Collection entries
══════

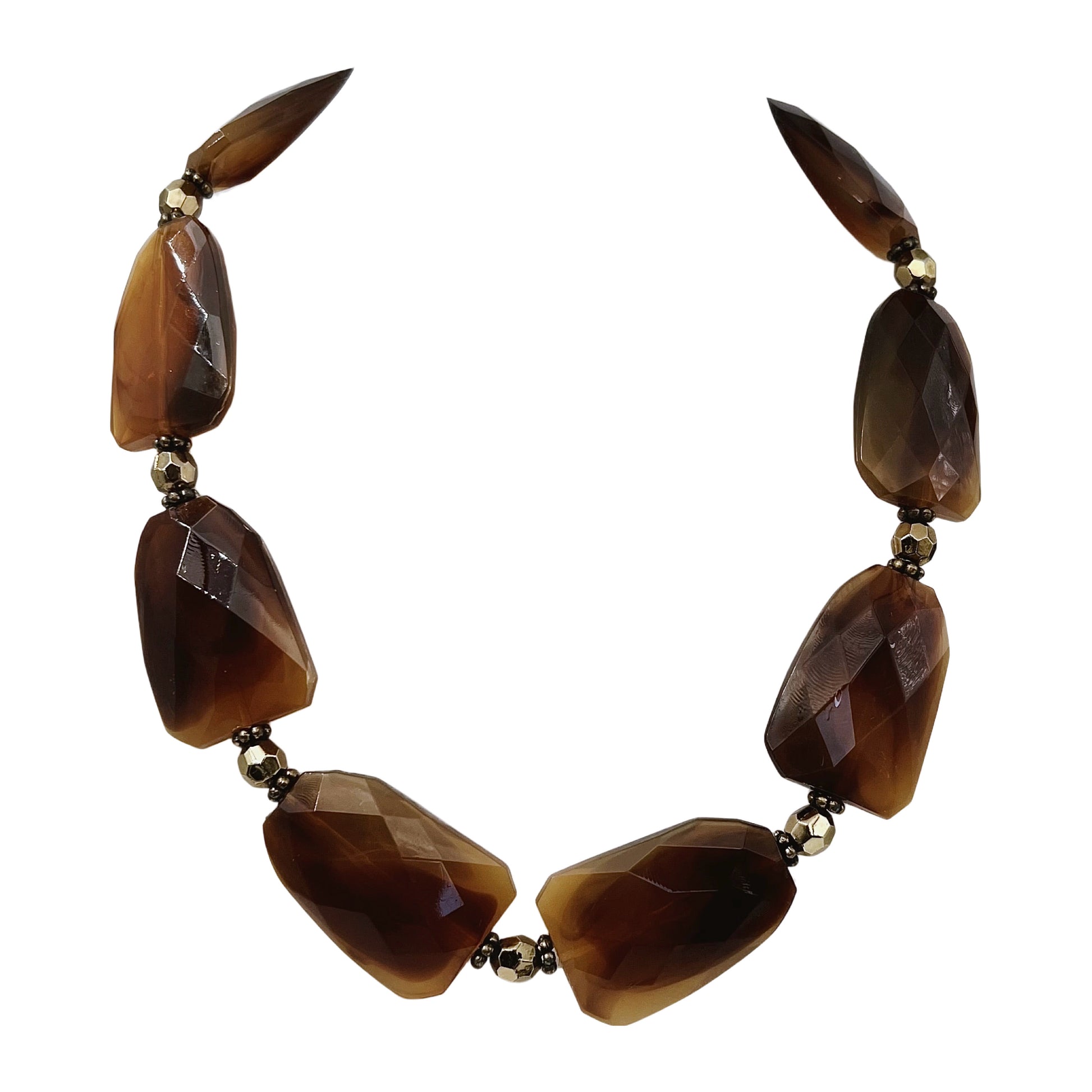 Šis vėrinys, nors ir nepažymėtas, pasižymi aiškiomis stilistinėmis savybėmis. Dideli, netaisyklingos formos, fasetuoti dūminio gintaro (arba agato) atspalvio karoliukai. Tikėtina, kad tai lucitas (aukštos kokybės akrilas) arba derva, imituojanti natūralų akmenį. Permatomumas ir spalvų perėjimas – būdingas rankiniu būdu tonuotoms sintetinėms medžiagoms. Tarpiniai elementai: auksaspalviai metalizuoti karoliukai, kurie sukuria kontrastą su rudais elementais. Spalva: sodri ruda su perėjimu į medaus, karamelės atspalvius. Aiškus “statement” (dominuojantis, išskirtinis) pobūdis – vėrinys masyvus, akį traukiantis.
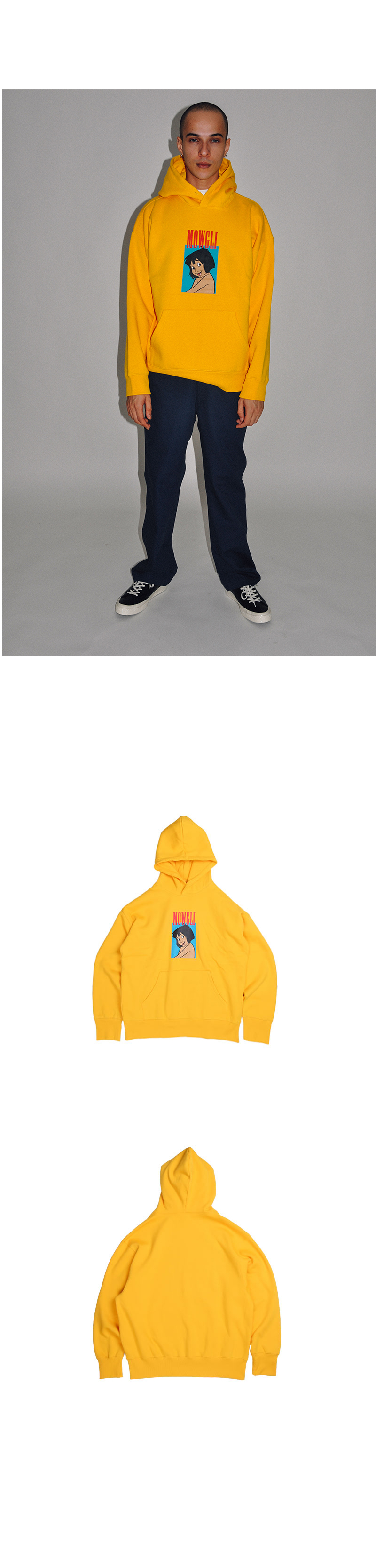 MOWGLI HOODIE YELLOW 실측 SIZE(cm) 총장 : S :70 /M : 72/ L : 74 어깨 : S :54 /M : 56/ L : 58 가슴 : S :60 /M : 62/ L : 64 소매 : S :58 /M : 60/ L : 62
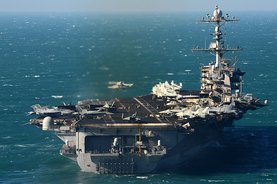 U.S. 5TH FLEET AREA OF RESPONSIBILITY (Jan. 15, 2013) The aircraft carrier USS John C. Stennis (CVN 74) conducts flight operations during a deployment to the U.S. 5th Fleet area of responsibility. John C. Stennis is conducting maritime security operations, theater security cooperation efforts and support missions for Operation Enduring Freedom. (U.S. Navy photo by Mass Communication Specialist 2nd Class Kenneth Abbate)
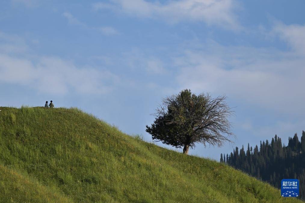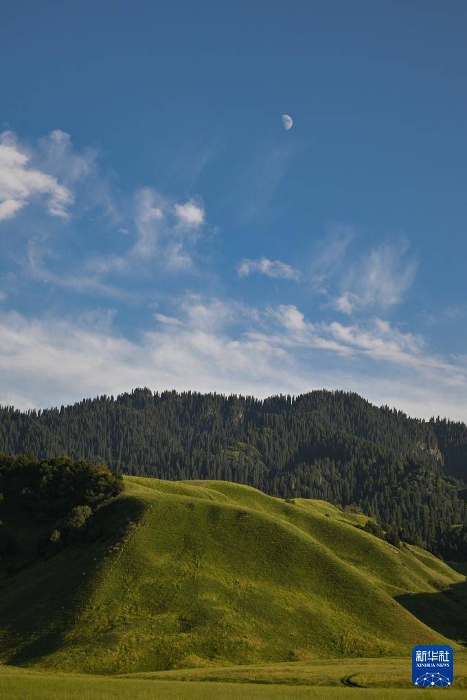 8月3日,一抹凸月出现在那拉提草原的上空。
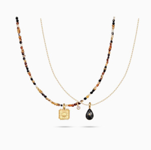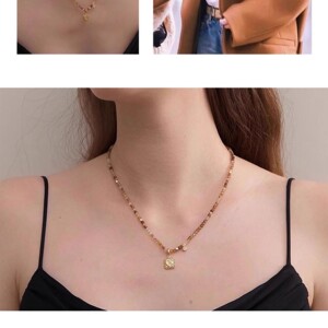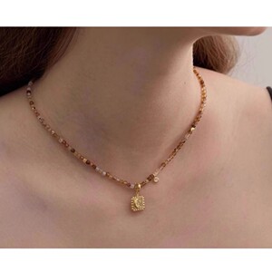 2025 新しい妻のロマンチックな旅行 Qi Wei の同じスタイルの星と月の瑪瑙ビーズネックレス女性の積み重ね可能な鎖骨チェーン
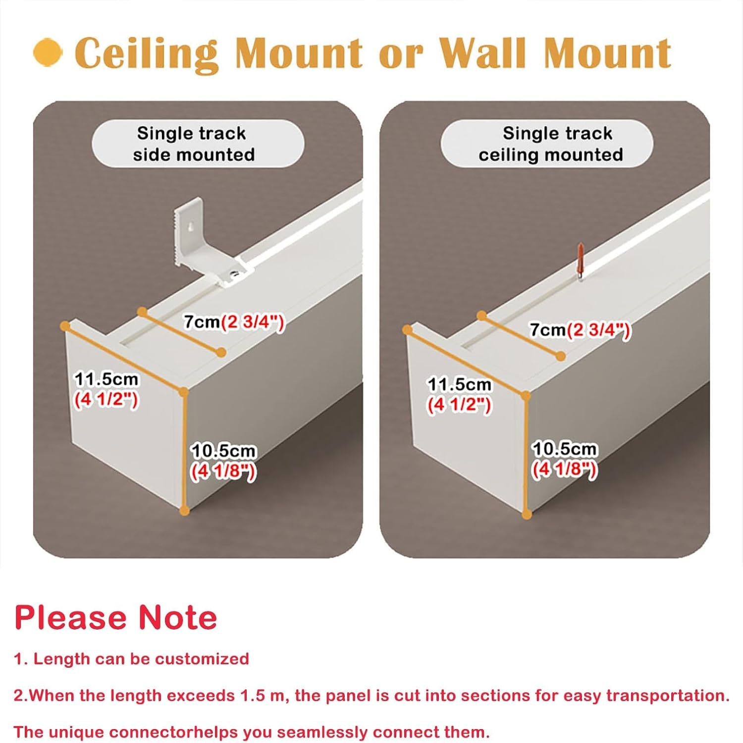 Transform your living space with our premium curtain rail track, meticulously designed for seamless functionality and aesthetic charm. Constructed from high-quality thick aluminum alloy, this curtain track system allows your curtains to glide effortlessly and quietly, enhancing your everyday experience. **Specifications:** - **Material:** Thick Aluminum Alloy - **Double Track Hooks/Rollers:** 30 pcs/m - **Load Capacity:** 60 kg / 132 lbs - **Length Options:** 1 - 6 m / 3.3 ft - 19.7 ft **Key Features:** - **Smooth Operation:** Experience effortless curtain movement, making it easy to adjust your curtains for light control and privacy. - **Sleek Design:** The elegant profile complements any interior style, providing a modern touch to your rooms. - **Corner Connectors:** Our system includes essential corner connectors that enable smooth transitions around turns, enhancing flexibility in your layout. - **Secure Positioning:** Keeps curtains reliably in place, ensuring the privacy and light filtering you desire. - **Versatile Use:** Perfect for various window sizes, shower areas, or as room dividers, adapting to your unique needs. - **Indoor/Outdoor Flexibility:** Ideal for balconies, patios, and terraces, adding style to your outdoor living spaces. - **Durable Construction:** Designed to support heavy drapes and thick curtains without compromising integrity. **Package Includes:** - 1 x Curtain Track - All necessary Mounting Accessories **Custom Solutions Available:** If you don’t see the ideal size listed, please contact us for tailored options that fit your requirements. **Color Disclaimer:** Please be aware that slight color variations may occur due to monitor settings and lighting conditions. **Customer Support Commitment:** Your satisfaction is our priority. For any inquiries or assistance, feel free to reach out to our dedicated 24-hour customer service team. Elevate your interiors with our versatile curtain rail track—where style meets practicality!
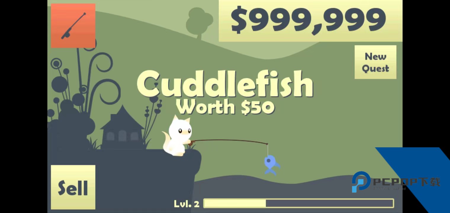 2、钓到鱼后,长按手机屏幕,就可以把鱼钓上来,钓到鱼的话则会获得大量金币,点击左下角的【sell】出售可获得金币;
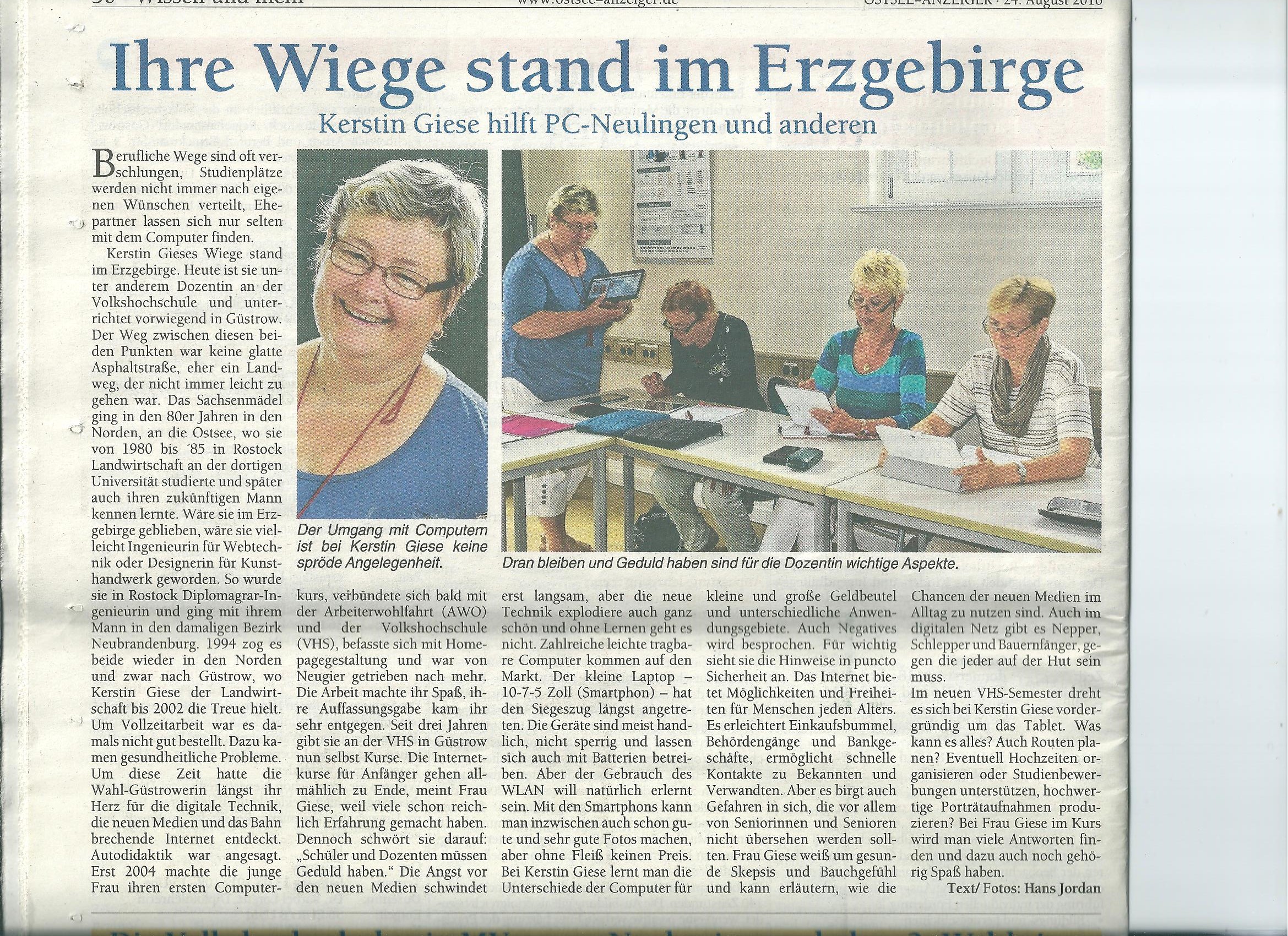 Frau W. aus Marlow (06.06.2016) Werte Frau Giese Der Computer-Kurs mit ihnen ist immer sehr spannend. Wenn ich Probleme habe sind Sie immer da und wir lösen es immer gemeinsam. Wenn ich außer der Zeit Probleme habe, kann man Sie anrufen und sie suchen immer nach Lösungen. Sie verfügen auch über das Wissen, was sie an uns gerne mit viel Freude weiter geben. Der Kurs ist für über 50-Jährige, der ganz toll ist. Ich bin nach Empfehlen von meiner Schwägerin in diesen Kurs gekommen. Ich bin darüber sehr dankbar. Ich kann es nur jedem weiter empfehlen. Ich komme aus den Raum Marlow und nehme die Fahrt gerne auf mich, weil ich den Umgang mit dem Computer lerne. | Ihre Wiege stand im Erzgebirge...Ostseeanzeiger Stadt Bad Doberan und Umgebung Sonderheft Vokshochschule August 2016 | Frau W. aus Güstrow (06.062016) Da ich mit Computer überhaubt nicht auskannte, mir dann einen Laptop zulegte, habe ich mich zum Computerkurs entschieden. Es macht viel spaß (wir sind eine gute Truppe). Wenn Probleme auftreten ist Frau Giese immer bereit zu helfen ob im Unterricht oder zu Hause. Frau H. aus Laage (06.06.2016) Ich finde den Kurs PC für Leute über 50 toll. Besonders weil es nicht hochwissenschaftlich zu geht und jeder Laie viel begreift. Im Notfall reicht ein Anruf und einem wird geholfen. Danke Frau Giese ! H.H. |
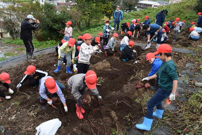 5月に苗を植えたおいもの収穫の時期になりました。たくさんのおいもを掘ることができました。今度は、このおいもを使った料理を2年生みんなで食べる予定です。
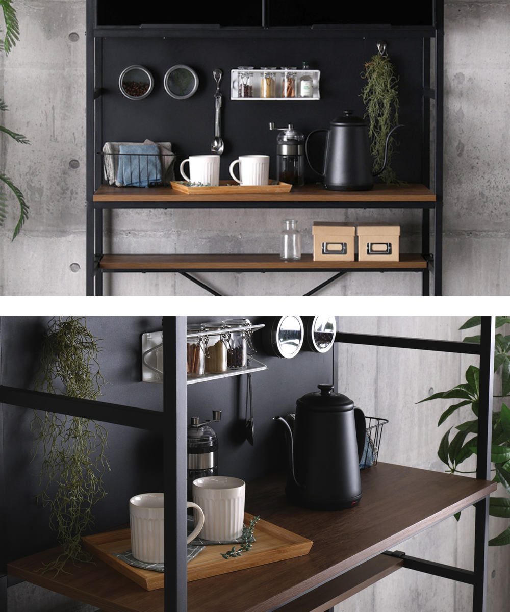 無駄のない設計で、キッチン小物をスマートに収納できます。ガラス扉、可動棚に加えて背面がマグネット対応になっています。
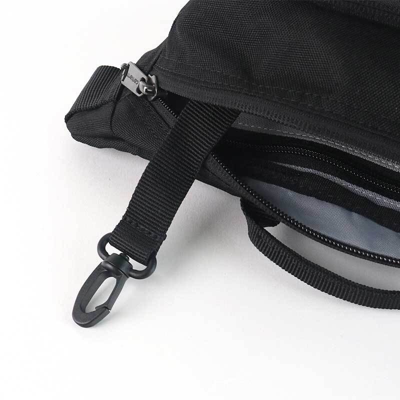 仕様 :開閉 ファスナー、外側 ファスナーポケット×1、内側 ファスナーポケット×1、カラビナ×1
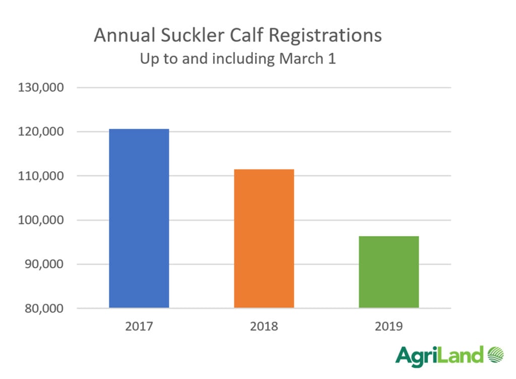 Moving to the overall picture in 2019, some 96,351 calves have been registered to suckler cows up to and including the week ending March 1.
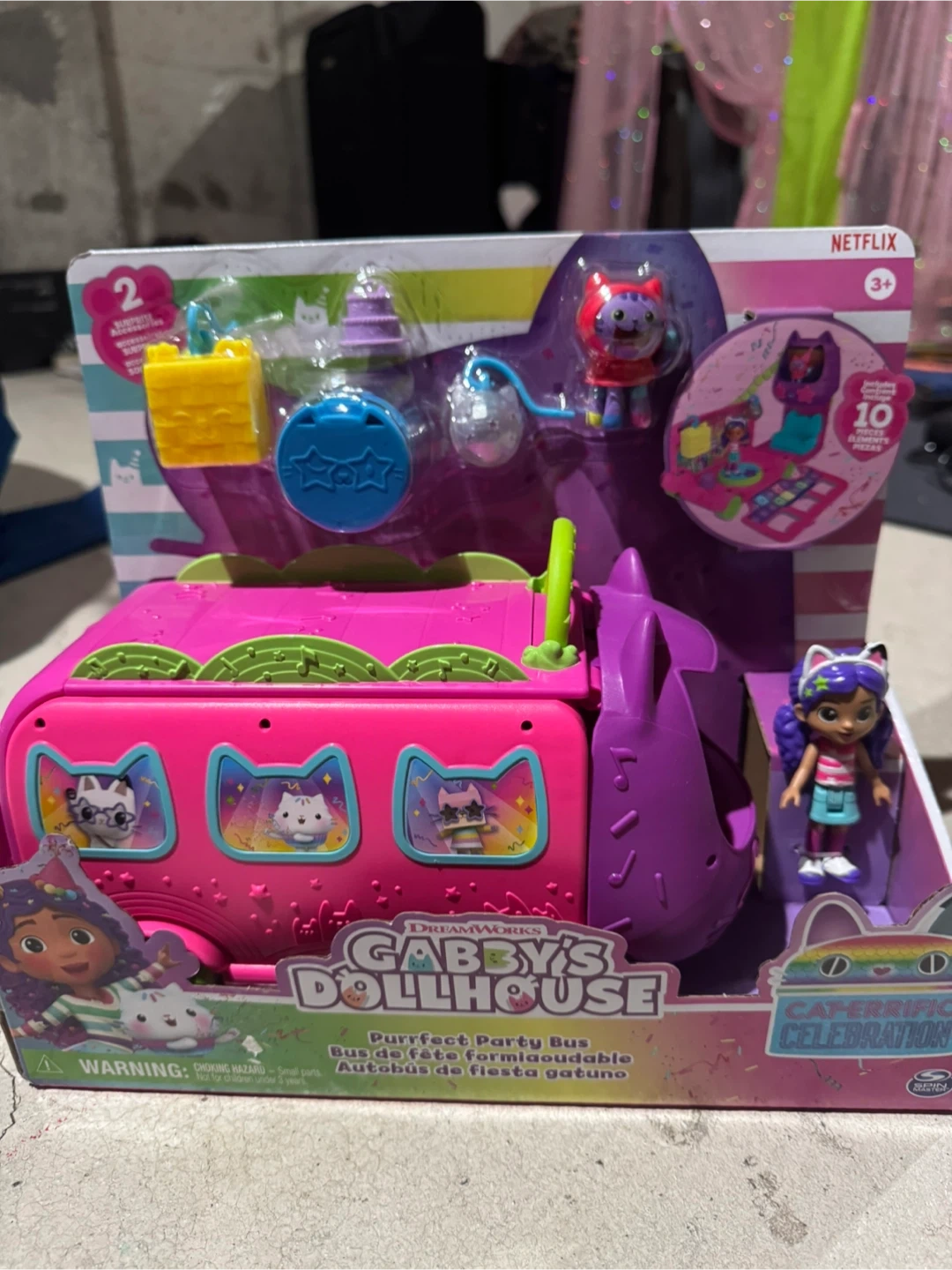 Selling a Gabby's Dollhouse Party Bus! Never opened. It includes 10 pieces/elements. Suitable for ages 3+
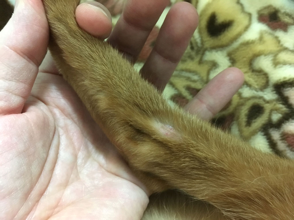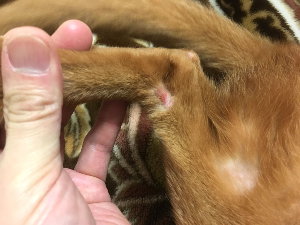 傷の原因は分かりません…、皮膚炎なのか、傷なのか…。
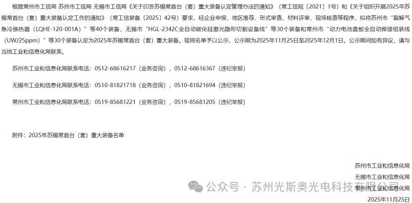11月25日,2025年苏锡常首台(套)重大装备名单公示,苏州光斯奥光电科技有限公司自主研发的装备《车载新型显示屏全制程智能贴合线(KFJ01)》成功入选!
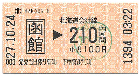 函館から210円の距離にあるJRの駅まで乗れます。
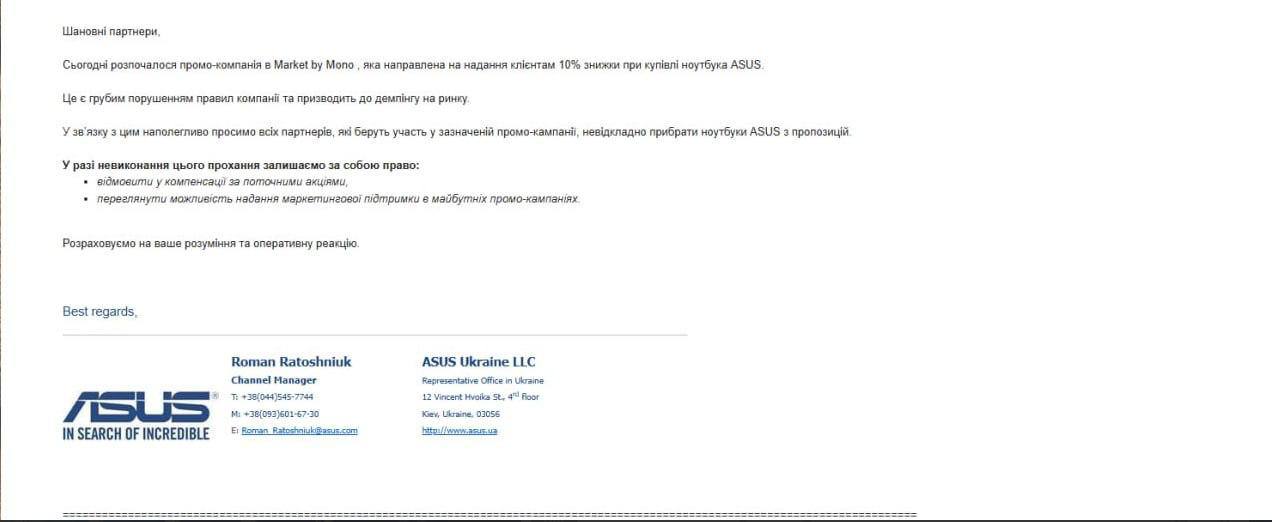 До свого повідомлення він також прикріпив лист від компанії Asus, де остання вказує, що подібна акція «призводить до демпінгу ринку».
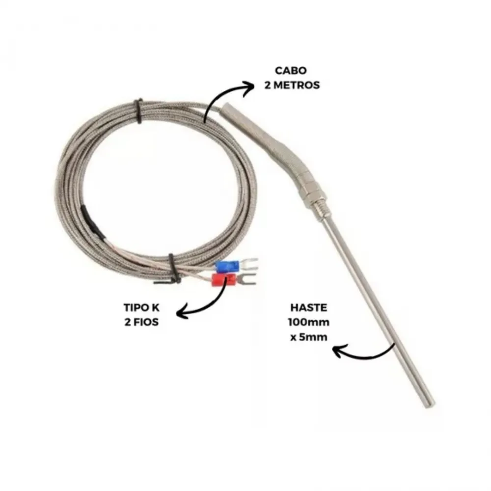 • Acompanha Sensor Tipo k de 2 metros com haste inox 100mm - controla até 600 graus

══════

[EXERCISE PROMPT]
Exactly the lines above from the one that contains "無駄のない設計で、キッチン小" down to the one that contains "Moving to the" are to be output, both ends kept and pictures omitted.

[EXERCISE OUTPUT]
 無駄のない設計で、キッチン小物をスマートに収納できます。ガラス扉、可動棚に加えて背面がマグネット対応になっています。
 仕様 :開閉 ファスナー、外側 ファスナーポケット×1、内側 ファスナーポケット×1、カラビナ×1
 Moving to the overall picture in 2019, some 96,351 calves have been registered to suckler cows up to and including the week ending March 1.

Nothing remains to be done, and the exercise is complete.